Haiti’s top prosecutor said Tuesday he was seeking charges against Prime Minister Ariel Henry over the assassination in July of President Jovenel Moise.
The Port-au-Prince government commissioner, the equivalent of a federal prosecutor, asked the judge investigating the killing to charge Henry with involvement in the case due to alleged phone calls Henry made with one of the main suspects.
“There are sufficient compromising elements that form (my) conviction on the appropriateness of prosecuting Mr. Henry and requesting his outright indictment,” wrote Bed-Fort Claude, the commissioner, in an official letter addressed to a Port-au-Prince court.
In a second letter, sent to the director of migration administration, Claude requested Henry be banned from leaving the island nation “for serious presumptions of assassination of the President of the Republic.”
Moise, a politically and publicly controversial figure, was killed overnight from July 6 to 7 when an armed group burst into his private residence in the Haitian capital.
Henry had already been asked to appear for questioning in the case, about alleged conversations he had just a few hours after Moise’s murder with a former government official wanted in connection with the killing.
Claude on Friday had asked Henry to appear on Tuesday to answer questions about the calls.
Police are still actively searching for the former official, Joseph Felix Badio, who worked in the justice ministry’s anti-corruption unit.
Badio’s phone was allegedly tracked to the area near Moise’s residence when Badio called Henry twice in the early hours of July 7, after the president was assassinated.
In his letter to the judge, Claude said the calls lasted a total of seven minutes. He also noted a government official tweeted last month Henry claimed he never spoke with Badio.

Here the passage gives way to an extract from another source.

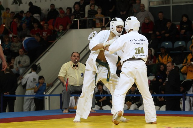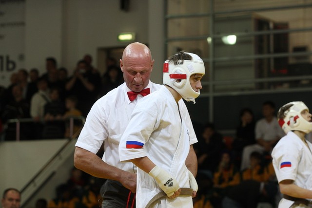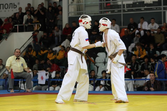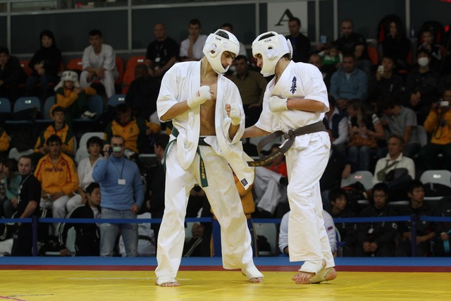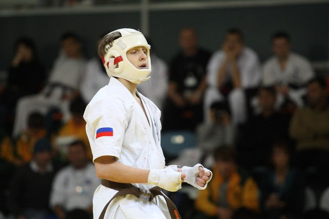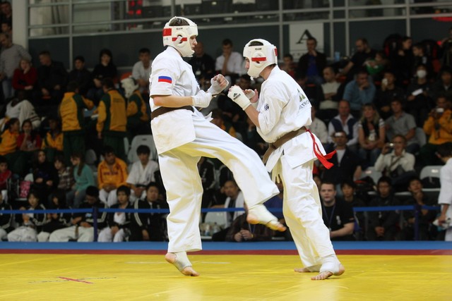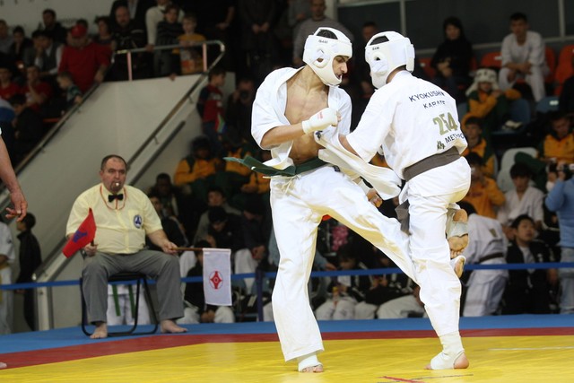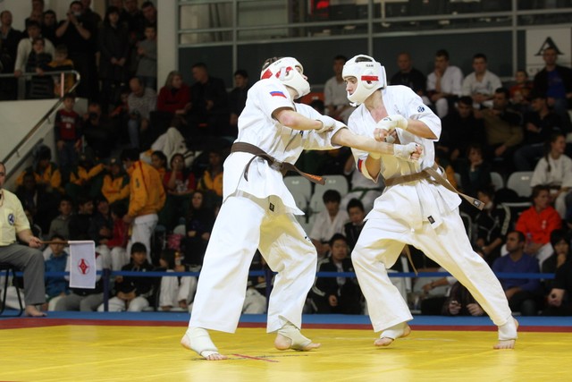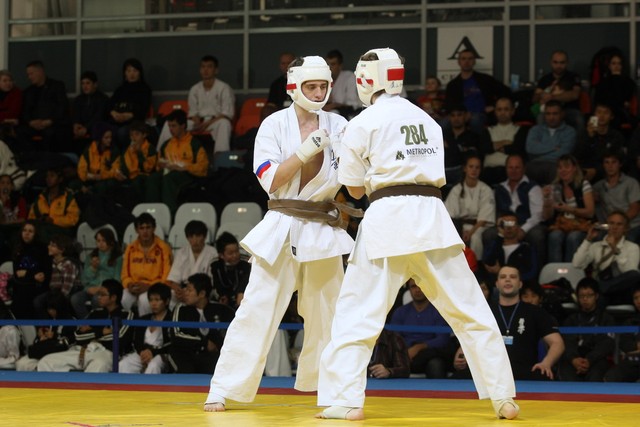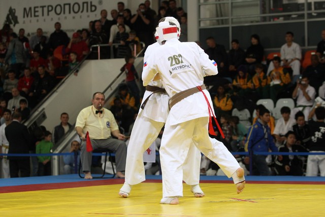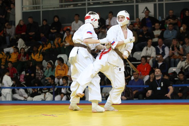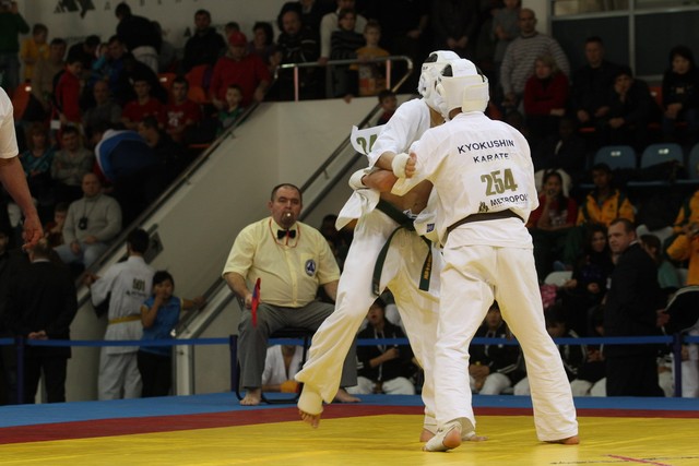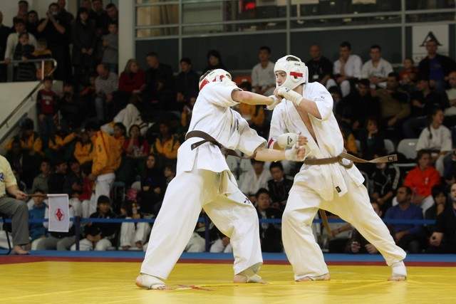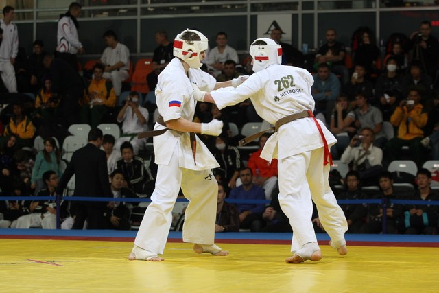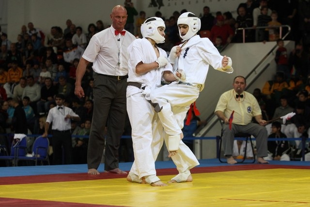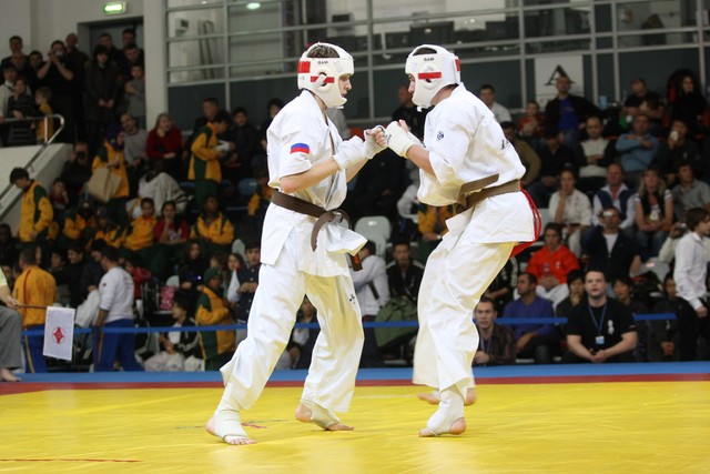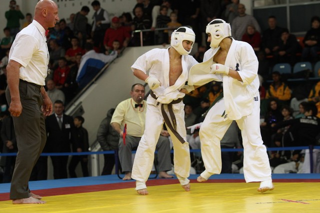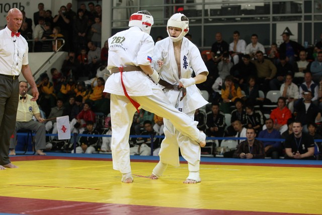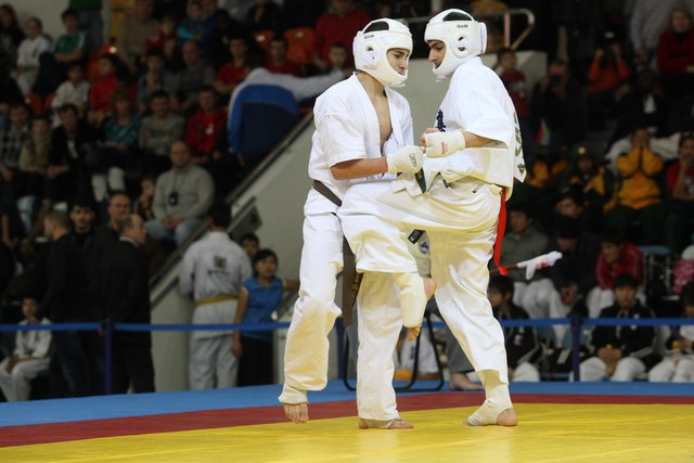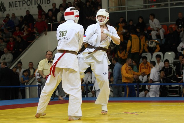 I Открытое первенство мира по Кёкусин-кан. Финальные поединки в категориях «Юноши 14-15 лет, до 55 кг» (Мосоян Жора, Россия, АКР – Абовян Армен, Армения) и «Юноши 14-15 лет, до 60 кг» (Бышин Андрей, Россия, Кёкусин-кан, Московская область – Магомедов Омар, Россия, Кёкусин-кан, Дагестан). Фото О. Бессуднова

Henry on Saturday slammed the earlier request, saying: “These diversionary tactics, designed to create confusion and prevent justice from calmly running its course, will not stand.”
“Those who are truly guilty, the masterminds of the odious assassination of president Jovenel Moise and those who ordered it, will be found, brought to justice and punished for their actions.”
A prime minister legally cannot be questioned unless the president authorizes it, but in the wake of Moise’s slaying, Haiti does not have a president.
So far, 44 people — including 18 Colombians and two American of Haitian descent — have been arrested in connection with the inquiry into the assassination of Moise. None of the president’s security guards were injured in the attack.
Henry was named by Moise as prime minister days before the president’s death and was sworn in on July 20, pledging to improve the country’s dire security and to organize long-delayed elections.